United KingdomScotland

A Chancery judge has confirmed that confidentiality in legal advice is not lost through accidental disclosure to a relatively small number of people. As a result, the Mirror Group could maintain privilege over a note of legal advice that had fallen into the hands of a number of journalists and at least one investor. However, remarks made by the chairman of its parent company at a shareholders’ function were not privileged, even if they were addressed only to a small number of guests (Winstone & others v MGN Limited [2019] EWHC 265 (Ch)).

Background

A journalist, Mr Brown, was dismissed from employment in the Mirror Group in 2006 for writing up stories for publication in The People newspaper that belonged to the Daily Mirror. He alleged unfair dismissal on the basis that he had been treated more harshly than journalists who had been involved in the more serious misconduct of phone hacking, i.e. the intercepting of personal voicemails by journalists. The in-house lawyer dealing with the claim made a manuscript note on a copy of Mr Brown’s witness statement recording an assessment of the merits of the allegations. The claim was eventually settled. The note subsequently came into the hands of a Mirror Group shareholder and at least two journalists, in circumstances that remain unknown. At a reception held by the Mirror Group’s parent company after its 2015 AGM, the chairman had a conversation with one of the journalists about the date when the in-house lawyer first became aware of allegations of phone hacking, during which reference was made to the note. The conversation was recorded and transcribed.

The content of the note and the transcript became known to a group of alleged victims of phone hacking who were bringing an action for breach of privacy against the Mirror Group. The Mirror Group applied for an injunction to prevent the claimants from relying on this information on the grounds that it was privileged.

Decision on the note of legal advice

It was unclear whether the note reflected the views of the in-house lawyer himself or of the external lawyers who were also advising the Mirror Group. However, the parties were agreed that the note would be privileged in either event.

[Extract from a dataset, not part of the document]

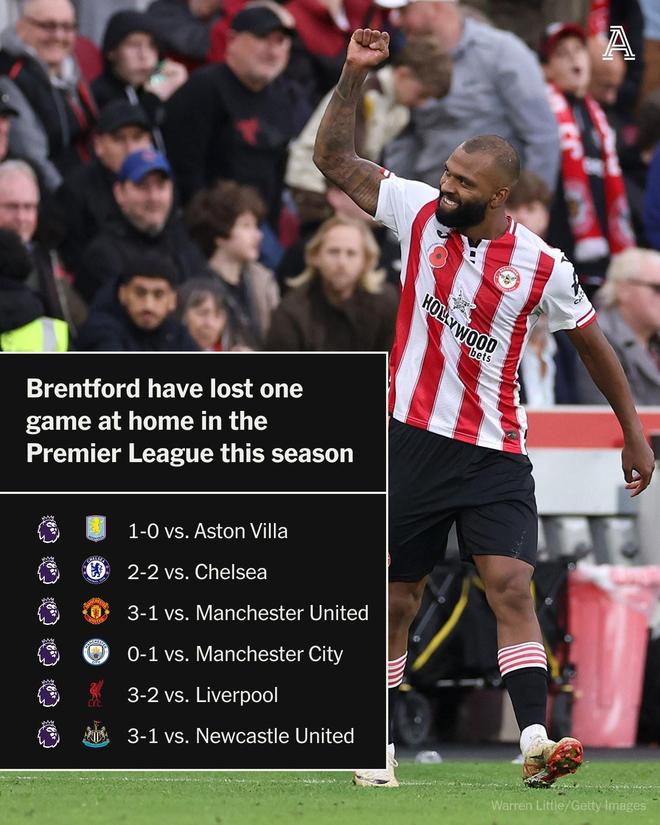 賽後根據統計,雖然佈倫特福德本賽季客場成績不佳(1勝4負),但他們在主場已經先後斬落瞭阿斯頓維拉、曼聯、利物浦以及紐卡斯爾聯,此外他們還戰平瞭切爾西,期間他們在主場唯一的一場敗仗是10月5日0-1不敵曼城。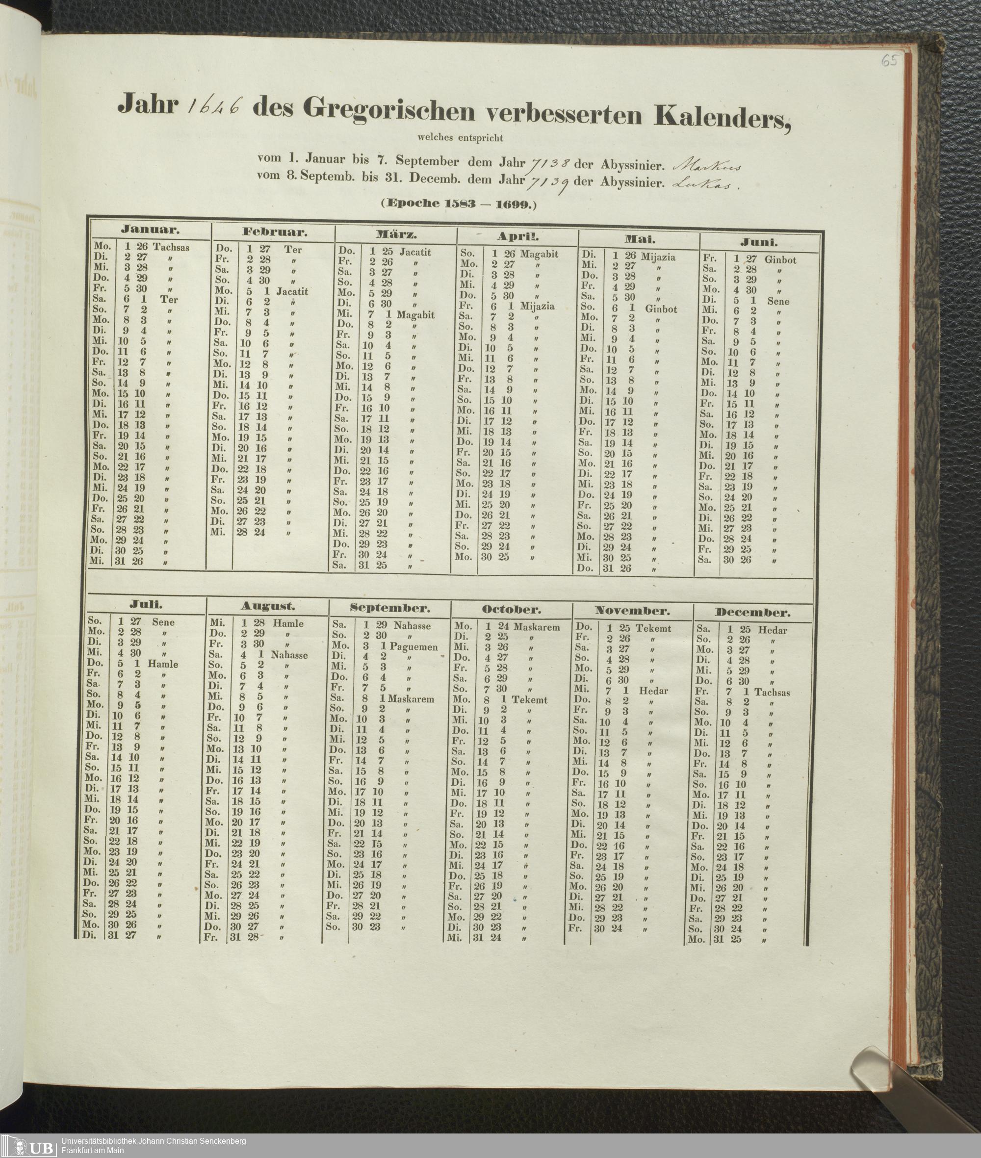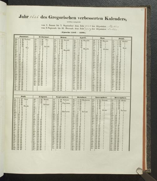 Ms. Ff. E. Rüppell IV - Kalender vom Jahr 1583 bis 1860, das heist seit der Einführung der durch Pabst Gregorius XIII verordneten Verbesserung, aus welchen Kalender die Gleichstellung dieser Zeitrechnung mit der von den Abyssiniern gebräuchlichen Chronologie ersehen werden kann; zum Behuf der geschichtlichen Forschungen der Abyssinischen Chroniken entworfen

The question was whether that privilege had been lost because the note ceased to be confidential when it came into the hands of the journalists and/or the investor. Confidentiality is a key ingredient in legal advice privilege because the purpose of the doctrine is to protect a party’s ability to consult freely with its legal advisers.

Norris J held that the note had not lost the quality of confidentiality. He referred to a statement by Sir Nicholas Browne-Wilkinson VC in Stephens v Avery [1988] 1 Ch 449 to the effect that confidentiality is only lost when information becomes known to “a substantial number of people”. The small number of people to whom the note had become known in the present case was not sufficient. Norris J therefore granted an injunction to prevent the claimants from relying on its contents and gave permission to the Mirror Group to redact references to the content of the note in its disclosure documents.

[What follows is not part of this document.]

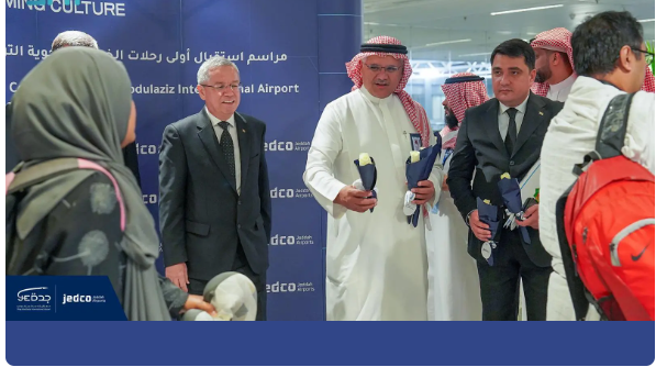 استقبل مطار الملك عبدالعزيز الدولي، اليوم، أولى الرحلات الجوية المباشرة المنتظمة بين المملكة وجمهورية تركمانستان، القادمة من العاصمة التركمانية عشق آباد، وعلى متنها (279) مسافرًا ، بحضور السفير التركماني المفوض لدى المملكة أوراز محمد تشارييف، ومستشار رئيس الهيئة العامة للطيران المدني للحوكمة والمشاريع التنفيذية المهندس سليمان بن أحمد البسام، والرئيس التنفيذي لشركة مطارات جدة المهندس مازن بن محمد جوهر، وعدد من قيادات القطاعات الأمنية والتشغيلية بالمطار.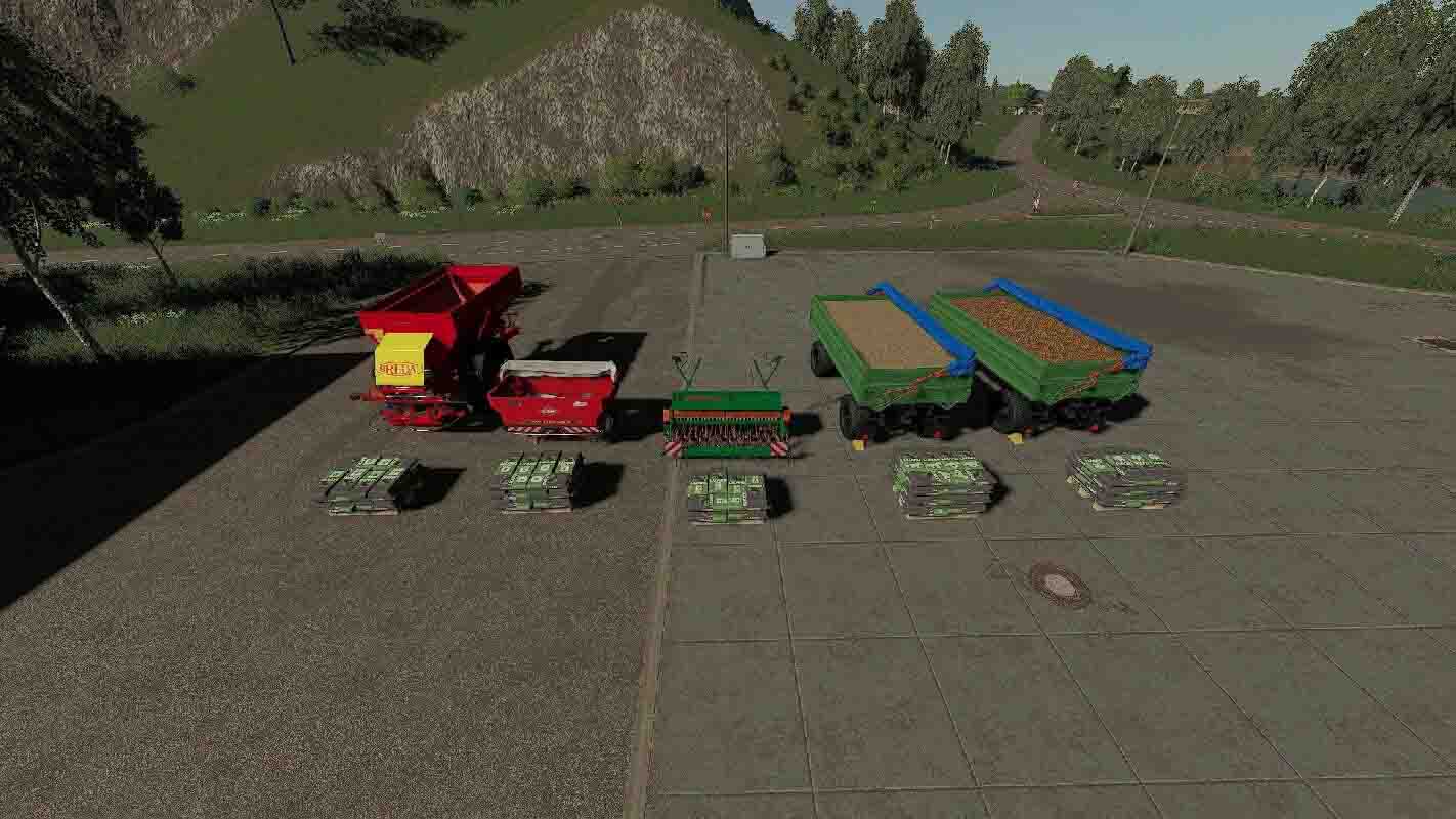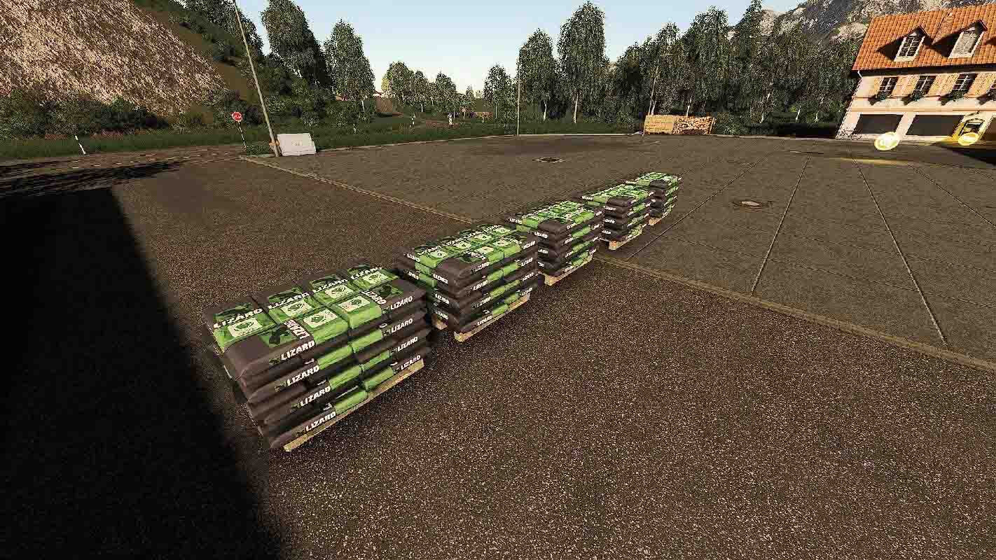 Mod Pallet Pack v1.0.0.0 for Farming Simulator 2019 Seeds, fertilizers, pig feed, horse feed and lime trays Pallet package - Horse feed, pig feed, lime, artificial fertilizers, seeds - Capacity: 2100 liters - Price: horse feed 1250 €, pig feed 1350 €, lime 1450 €. Artificial fertilization € 1550, seeds € 1750

Decision on the transcript of comments made after the AGM

On the transcript, Norris J reached a different conclusion, holding that it lacked the necessary quality of confidentiality and could not be privileged. He categorised the reception as a public occasion at which the chairman could not reasonably have thought he was speaking confidentially. Although the transcript showed that he had asked for the conversation to be “off the record”, that simply meant that he intended it to be unattributable, not that he understood it to be private. Even if it had been confidential, Norris J indicated that he would not have exercised his discretion to make an injunction. The transcript had been open to public inspection on the court file for nearly six months before the Mirror Group raised any objection, and it was therefore too late for a claim of privilege to be asserted.

Comment

This case provides welcome confirmation that an inadvertent “leak” of a privileged document will not necessarily result in privilege being lost, provided the document is only seen by a relatively small number of people. However, parties who become aware that a privileged document has been filed at court should act promptly, as delay may result in the court refusing to exercise its discretion to prevent use of the contents.